Fast genau sechs Monate nach seinem letzten Oberliga-Einsatz für den FC Villingen gegen den SGV Freiberg (0:3) stand Tevfik Ceylan beim 3:0 gegen den FV Ravensburg erstmals wieder über volle 90 Minuten für die Nullachter in einem Punktspiel auf dem Platz. Mit einer sehr guten Vorstellung nach seiner Einwechslung bei der Jahresauftaktpartie in Freiberg (2:2) hatte sich der 25-Jährige seine Nominierung für die Startelf am Samstag verdient. Ceylan bestätigte als linker Außenverteidiger, der sehr viel für die Offensive tat und nur knapp einen Torerfolg verpasste, das Vertrauen von Trainer Jago Maric. "Er hat es sehr gut gemacht und besitzt auch viel Qualität. Vielleicht haben ihm die paar Monate Pause auch gut getan" mutmaßte dieser.

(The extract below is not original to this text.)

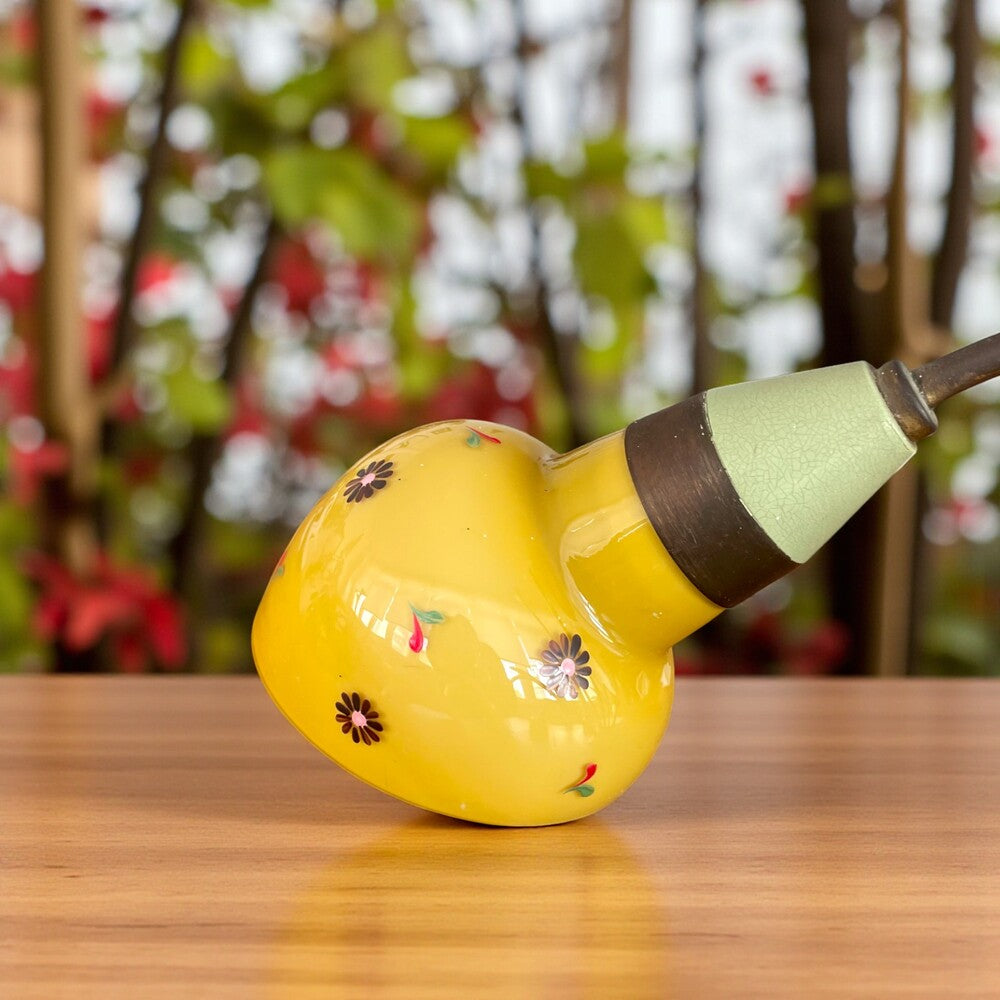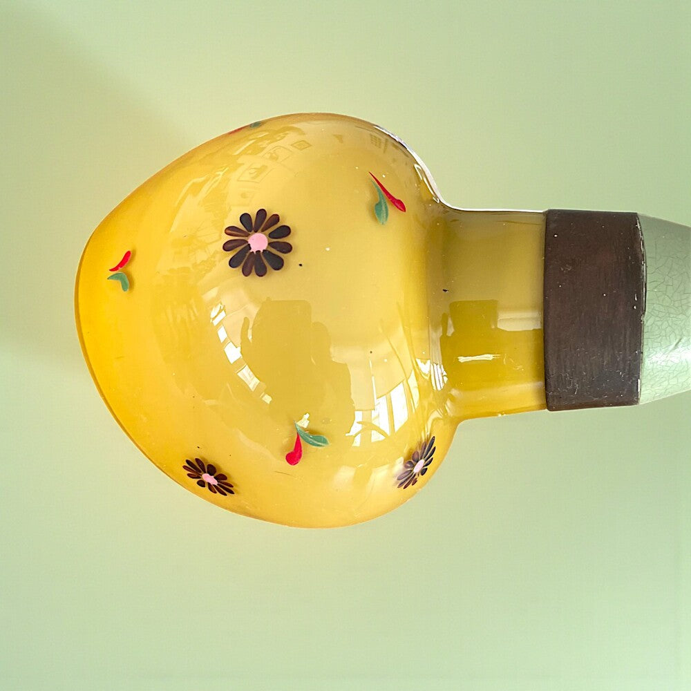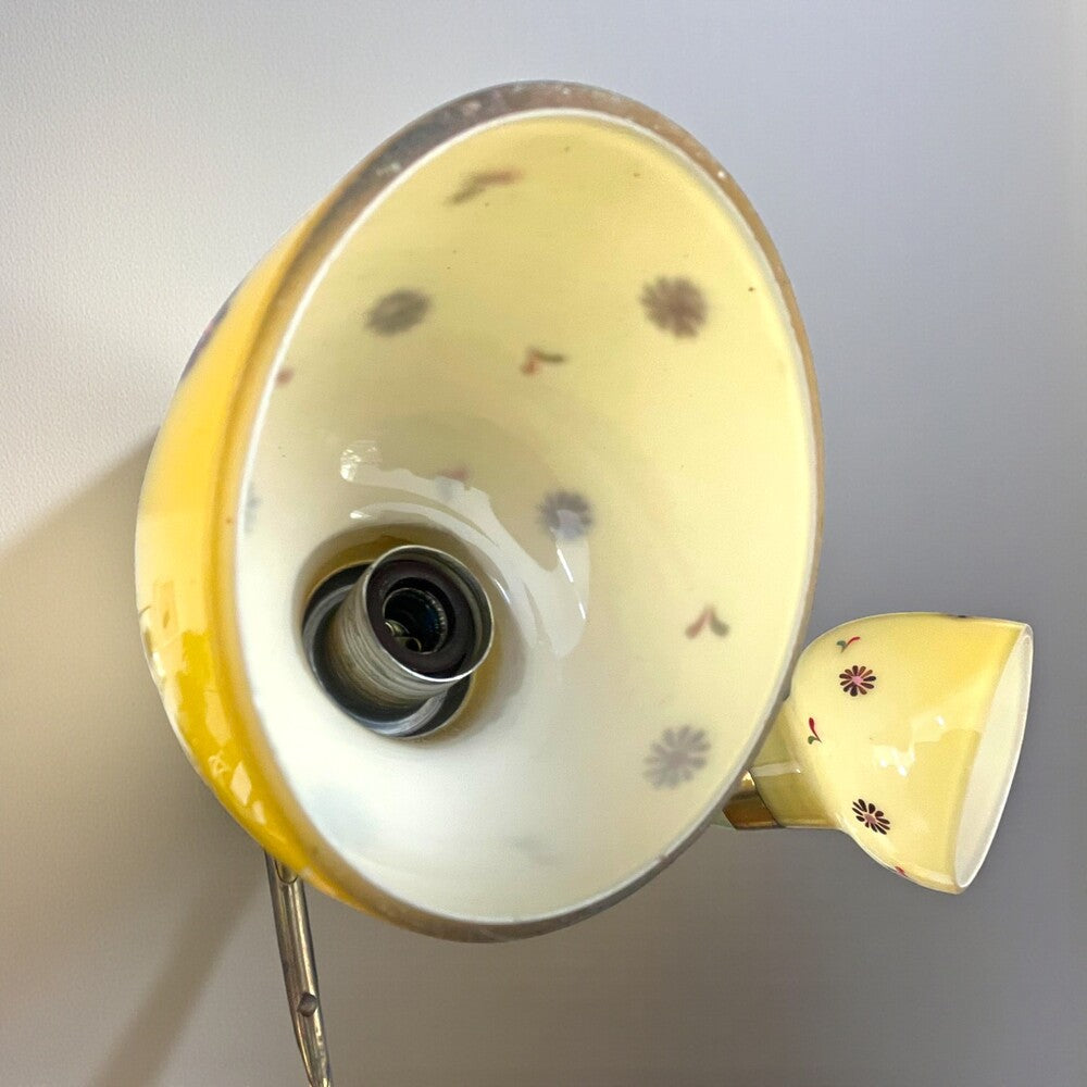 The structure is made of brass, the lampshades are in opaline yellow glass, with hand-painted floral design. Original green painted brass parts and patina.
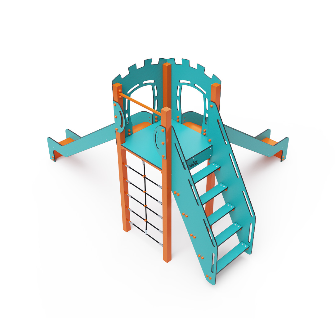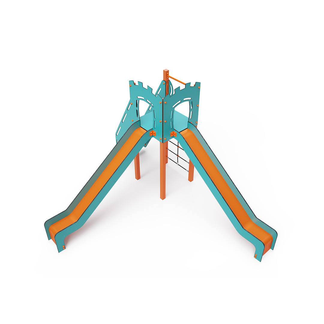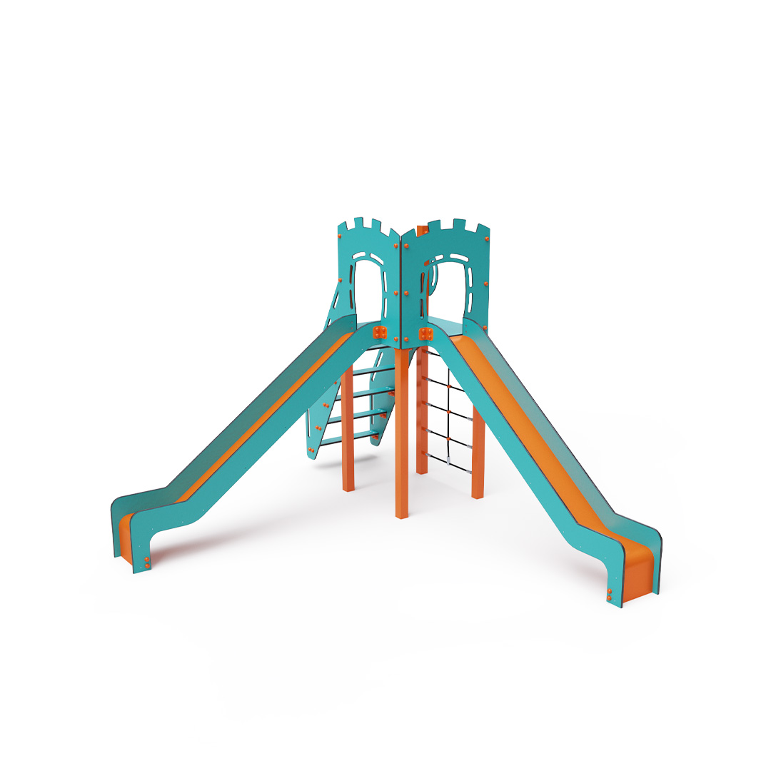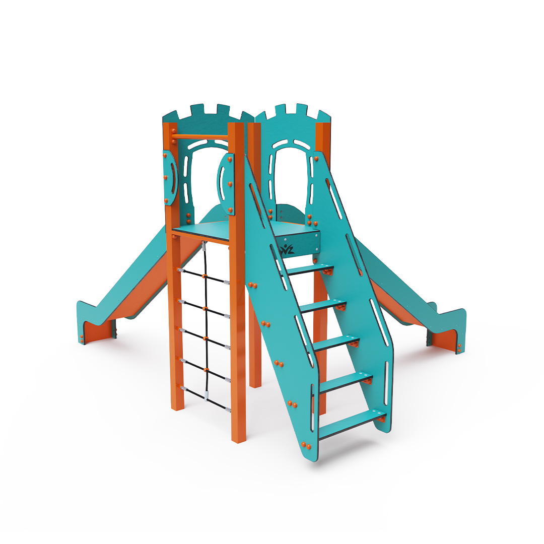 Kombiniertes Kletterturm-Set – ein Turm, den Kinder über Stufen oder eine Seilkletterwand erklimmen und anschließend über eine der beiden Rutschen hinuntersausen können. Das türkis-orange Design zieht schon von Weitem die Blicke auf sich. Die Stahlkonstruktion ist dank Feuerverzinkung und strapazierfähiger Pulverbeschichtung witterungsbeständig. Das verwendete HPL-Material ist chemikalienbeständig, UV-beständig, farbecht, ungiftig, recycelbar und bruchfest. Es besteht keine Verletzungsgefahr durch scharfe Kanten oder Splitter. Die Seile bestehen aus Polyesterfasern, die um die zentrale Verstärkung gewickelt sind. Diese Seilkonstruktion erhöht die Festigkeit und Widerstandsfähigkeit gegen mechanische Belastungen. Polyester selbst ist resistent gegen Mikroorganismen, Witterungseinflüsse, trocknet schnell nach Regen, ist farbecht und zeichnet sich durch hohe Festigkeit aus. Alle Verbindungen sind aus Edelstahl und mit Kunststoffkappen versehen, um Langlebigkeit und Sicherheit zu erhöhen.

Tevfik Ceylan selbst zeigte sich eher bescheiden. "Für mich wäre es auch kein Problem gewesen, wenn ich nicht gespielt hätte", meinte er. Es habe ihn dann aber natürlich gefreut, berücksichtigt worden zu sein. "Es fühlt sich gut an, nach dem Spiel platt zu sein und zu wissen, dass man für das Team und sich selbst Gas gegeben hat." Was die beiden kommenden zwei Auswärtsspiele hintereinander bei den abstiegsgefährdeten Oberliga-Mannschaften aus Friedrichstal (2. März, 14 Uhr) und Spielberg (9. März, 15 Uhr) betrifft, rechnet Tevfik Ceylan mit zwei überaus motivierten Gegnern. "Man darf nicht auf den Tabellenplatz schauen. Beide Gegner werden Gas geben", ist ihm bewusst.